27 Whoever restrains his words has knowledge,
    and he who has a cool spirit is a man of understanding.

28 Even a fool who keeps silent is considered wise;
    when he closes his lips, he is deemed intelligent.

English Standard Version, copyright 2001 by Crossway Bibles. Used by permission. All rights reserved.

Digging Deeper

(Today’s questions focus on verses 1, 9, 14, 19, and 27.)

  1. Verse 1 presents a lesson about peace being more desirable than conflict. Why would it be better to have less with peace and quiet than more with strife?
  2. According to verse 9, what separates close friends? Who do you need to forgive or ask forgiveness from in order to restore friendship?
  3. Read verse 14 again and then consider Jesus’ words in Matthew 5:9: “Blessed are the peacemakers, for they shall be called sons of God.” How do these verses relate?
  4. In verse 19, having a high door meant wealth. Your wealth would be flaunted by making your door larger than those of your neighbors. Why is the love of “strife” (conflict) and the flaunting of wealth a bad combination? How do you love strife or flaunt your wealth today?
  5. Having knowledge is often equated with speaking out, but it should just as much produce silence (vs. 27).
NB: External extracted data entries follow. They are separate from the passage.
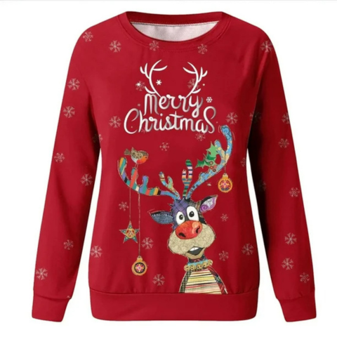 Deze trui toont een vrolijk en kleurrijk geïllustreerde rendier. De sneeuwvlokken en versieringen voegen een visuele toets toe die de warme geest van het seizoen oproept. Gemakkelijk te dragen in het dagelijks leven, voegt hij een speelse noot toe aan elke eindejaarsoutfit.
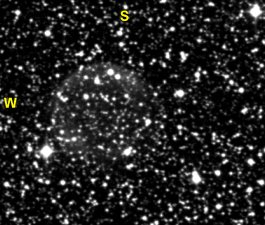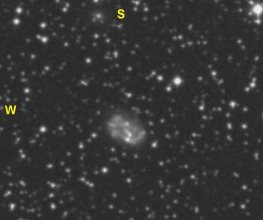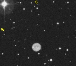 68 = PK 43-13.1 Vulpecula U2000: 252 / 104R 24" f/4,1 Dobson fst: 6m6, Bortle: 2-3, sehr transparent, Seeing: 3-4, 2000 m hoch. 17. Sep. 2004 In prominenter Nachbarschaft direkt 1° südlich vom Hantel Nebel. Im 13 mm Nagler (194x) + O-III Filter sofort im rechten Winkel zu einem Sternpaar ca. 13m zu sehen. Weniger als 1' groß, homogene Scheibe, die zum Rand erst leicht, dann schneller schwächer wird und gut definiert aufhört. Sicher indirekt zu halten. Auch ohne Filter sichtbar, aber sehr schwer und diffuser auslaufend, dafür aber mit Zentralstern ca. 15m5, der etwas NO vom Zentrum versetzt scheint (die 13m2 laut DSFG können kaum stimmen, der ZS ist schwächer). Weitere 3 ähnlich schwache Sterne in direkter Nachbarschaft. Einfacher als ich dachte. |
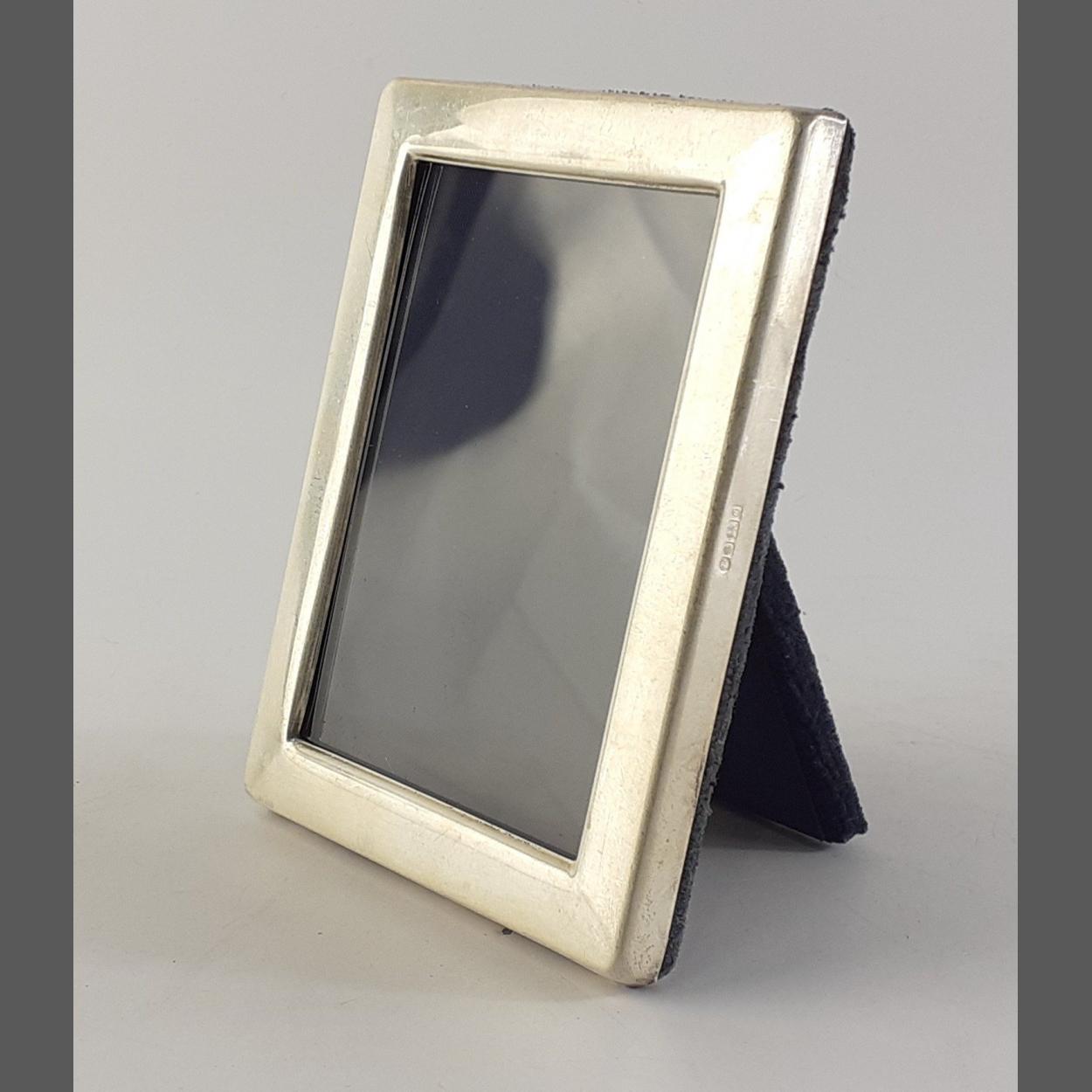A silver hallmarked small photo frame with stand. Hallmarks for Sheffield 1988, Maker FM - Franklin Mint
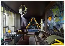 Theodore Treehouse (2016), an apartment fit-out in Melbourne features pop references and pushes the boundaries of decoration for a residential space. The spaces within the home are innovative and theatrical, while also inviting, incredibly crafted and utterly bespoke. With each room curated in equal measure as part installation exhibit, part stage, the interior contains a touch of the "whimsical voyeur," leaving us wanting to peep a little further. Theodore Treehouse uses a non-traditional delivery strategy. The impeccable execution and playful experimentation of this project contributes in an extremely positive and joyous way to contemporary decoration practice.[7]

Jesus demonstrated this for us perfectly during his arrest and trial as he restrained his words when facing persecution and death (John 18). In what situation do you need to pray for his strength to display this same knowledge and wisdom to others? 

Respond to God

In our sinfulness, we desire to be the center of all things. This makes us easily offended, quick to speak, slow to serve, and always on the defensive. But the gospel shatters those behaviors because it breaks down our self-centered walls and gives us a new heart. If we truly understand the gospel, if we truly understand what Christ has done for us and our heart is full of him, then what comes out of our mouths and the way we live our lives should back that up. Does your life and the words you speak reflect a heart that has been changed by the gospel?

  • Ask God to give you “a cool [calm] spirit” that shows restraint and seeks to bring peace.
  • Pray Psalm 141:3: “Set a guard, O Lord, over my mouth; keep watch over the door of my lips!”